Medically reviewed by

Neha Suryawanshi

Published At August 28, 2023
Reviewed AtAugust 28, 2023

Introduction

The idea of fasting has gained popularity in recent years. It might be a means of enhancing health for those who are health and longevity enthusiasts. Studies have shown fasting can help people lose weight, improve their cardiovascular health, and prevent diabetes. Fasting may be intimidating in regions where three meals daily are the norm. The fasting-mimicking diet can be an option for those who find most forms of fasting challenging. The term "fasting-mimicking diet" refers to a low-calorie diet with a breakdown of the macro- and micronutrients so that the body thinks it is fasting. The idea behind a fasting-mimicking diet is straightforward: all they need to do is trick the body into believing they are fasting even when they are not.

How Does the Fasting-Mimicking Diet Work?

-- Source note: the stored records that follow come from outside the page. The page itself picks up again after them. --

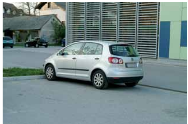
Talne označbe so komaj vidne, znak za invalide sredi parkirnega prostora pa je le slutiti.

Zanimivo je tudi, da lahko v Logatcu stanovalci nekaterih blokov mirno parkirajo na zelenicah, čeprav je okoli blokov dovolj parkirnega prostora. To sicer niso več zelenice, temveč zorane njive. Redoljubov to ne zanima, je menda prenevarno.
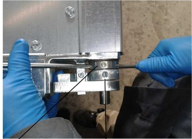
Spannbuchse mit 6 Bohrungen Loch für Gewindestift
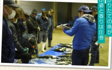
塩がらたての魚が、塩の姿と香りは匠の技
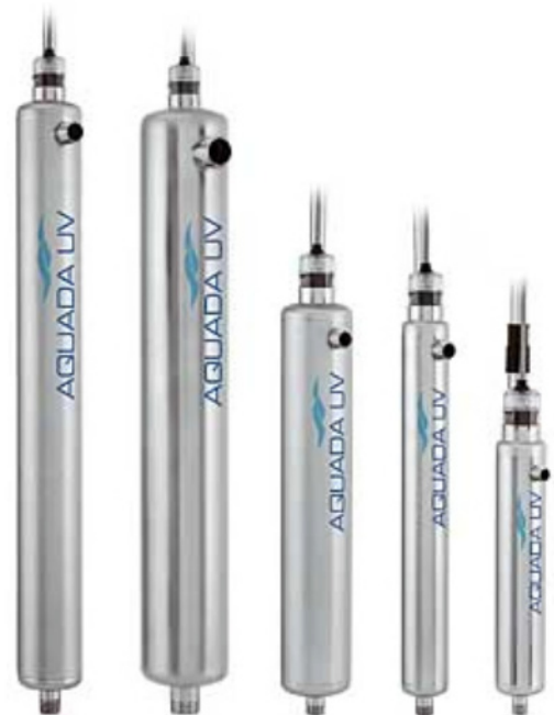
Systeme de désinfection UV Aquada®
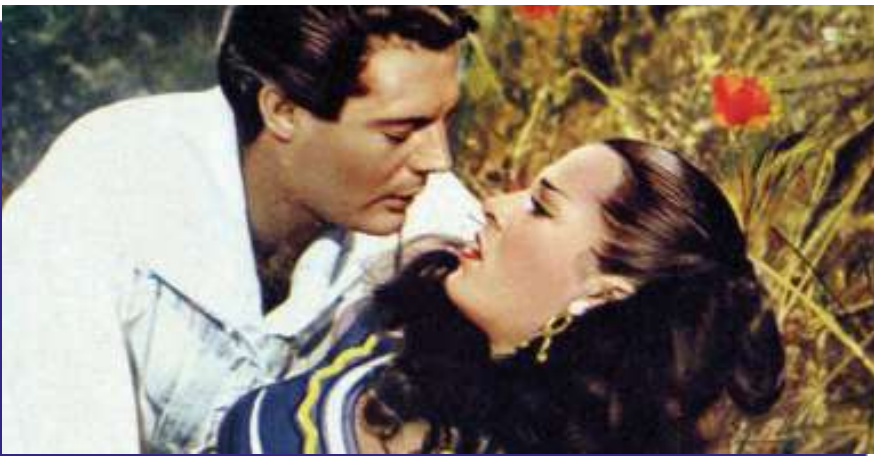
Photogramme du film “ Conquête héroïque ”.

Las Palmas de Gran Canaria prend les traits de La Havane dans ce film d'action produit par Netflix, qui relate l'histoire d'une tueuse à gages professionnelle qui est obligée de sortir de sa clandestinité pour sauver sa fille. Avec dans sa distribution Jennifer Lopez et Joseph Fiennes, ce film a réussi à faire venir en ville Ben Affleck, le mari de la star latina.
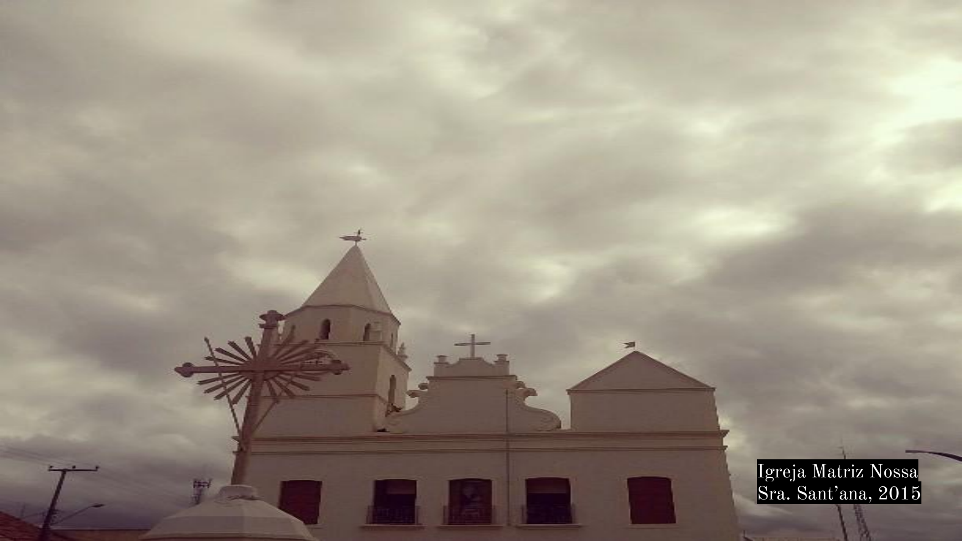
Igreja Matriz Nossa Sra. Sant'ana, 2015
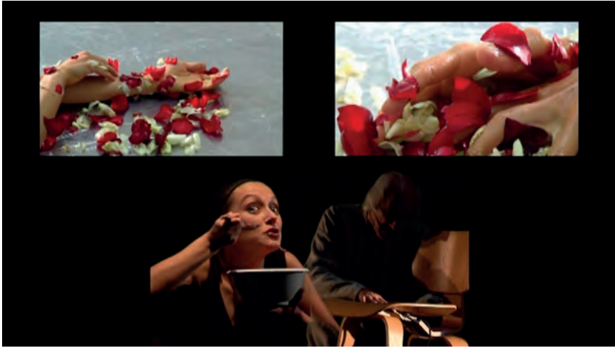
Un avatar del diavolo, foto di scena, “La question se pose de...”.
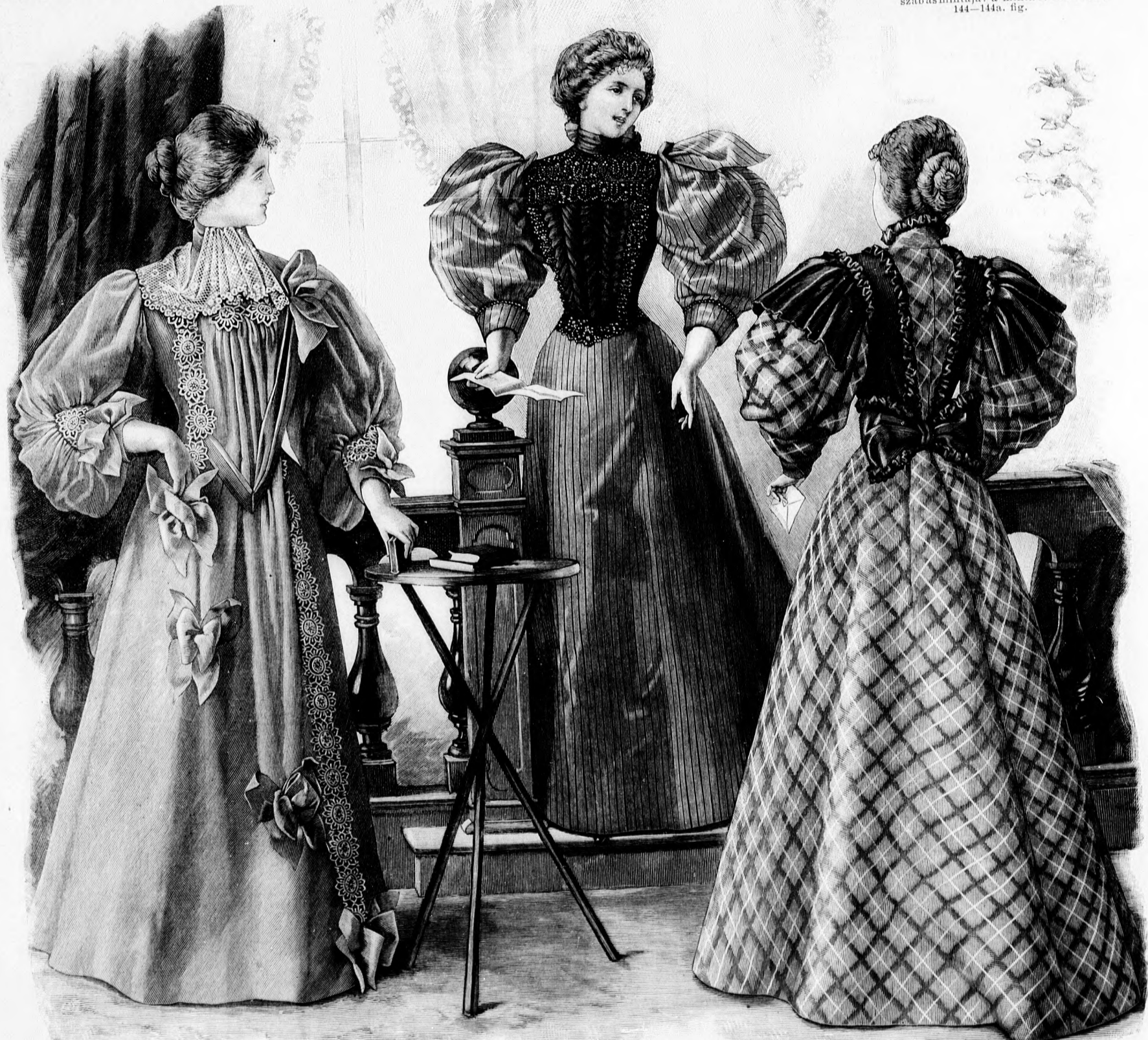
4. sz. Elegáns reggeli ruha. Szabás: a minta-iv I. sz., 1-11. fig.

4. sz. Elegáns reggeli ruha. Szabás: a minta-iv I. sz., 1-11. fig. A világoskék selyemszaténból készült, elől láttatlanul gombolt reggeli ruha díszé 7 cm. széles, sárgás gipűrbetét és 12 cm. széles, kék moáreszalag. Ezenkívül 22 cm. széles sárga tüllcsipke, a mely hátul, az állógallér közepén kezdve, húzódik előre és fűszszerűen ráncolva hull a pongyola elejére. A állógallér közepén kezdve, húzódik előre és fűszszerűen ráncolva hull a pongyola elejére. A gipűrbetétet képszerűen alkalmazzuk, ugyszintén a szalagból készült csokrokat. A pongyolához először is belésszövetből vágunk az 1-3. fig. szerint két-két részt, a kis rajz 4. fig. szerint egy részt a közepén végig egészben hagyva és felsőszövettel borítjuk a bal előrészt. Ha
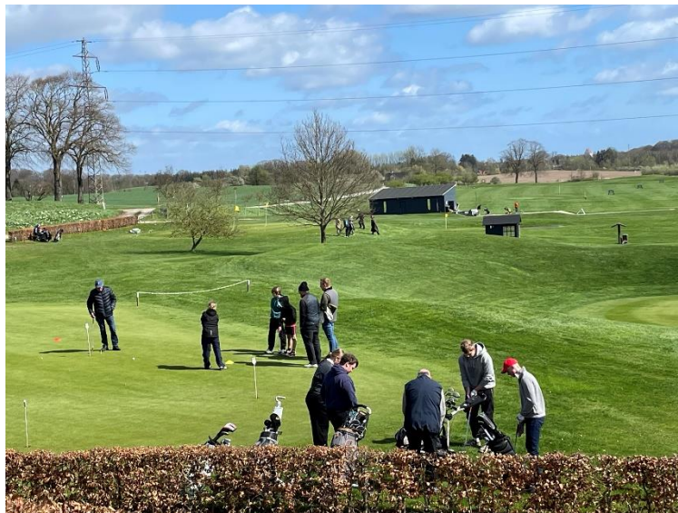
Foto: fra Golfens Dag 2024
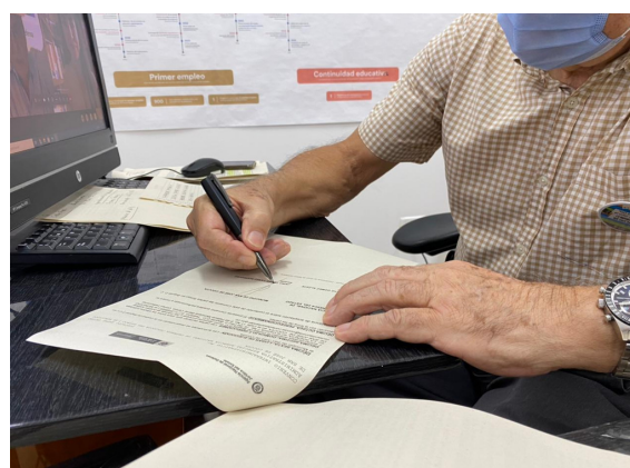
Firma del acuerdo entre La Alcaldía de Cúcuta y la Agencia Nacional de Defensa Jurídica del Estado.

  • Calorie restriction is used in FMD to mimic the consequences of fasting while consuming food.

  • When done correctly, calorie restriction has been found to give the body the vital nutrients they require, increase longevity, and reduce the likelihood of developing age-related disorders.

  • The FMD is a five-day diet regimen with minimal energy, protein, and sugar while giving the body the nutrients it needs.

  • The body is believed to enter a slightly fasting state when calories are between 34 to 54 percent of the usual intake.

  • The FMD might offer some advantages of prolonged water-only fasting without the hazards.

  • Its scientific method entails the so-called autophagic process, which describes a sort of "housecleaning" of cells in the body.

  • Autophagy removes undesired leftovers of the cell's activity like a waste truck. The cells have essential bodily responsibilities, including maintaining the capacity to breathe and producing energy.

  • Every minute of the day, body cells operate nonstop, creating garbage. To get rid of this waste, autophagy enters the picture.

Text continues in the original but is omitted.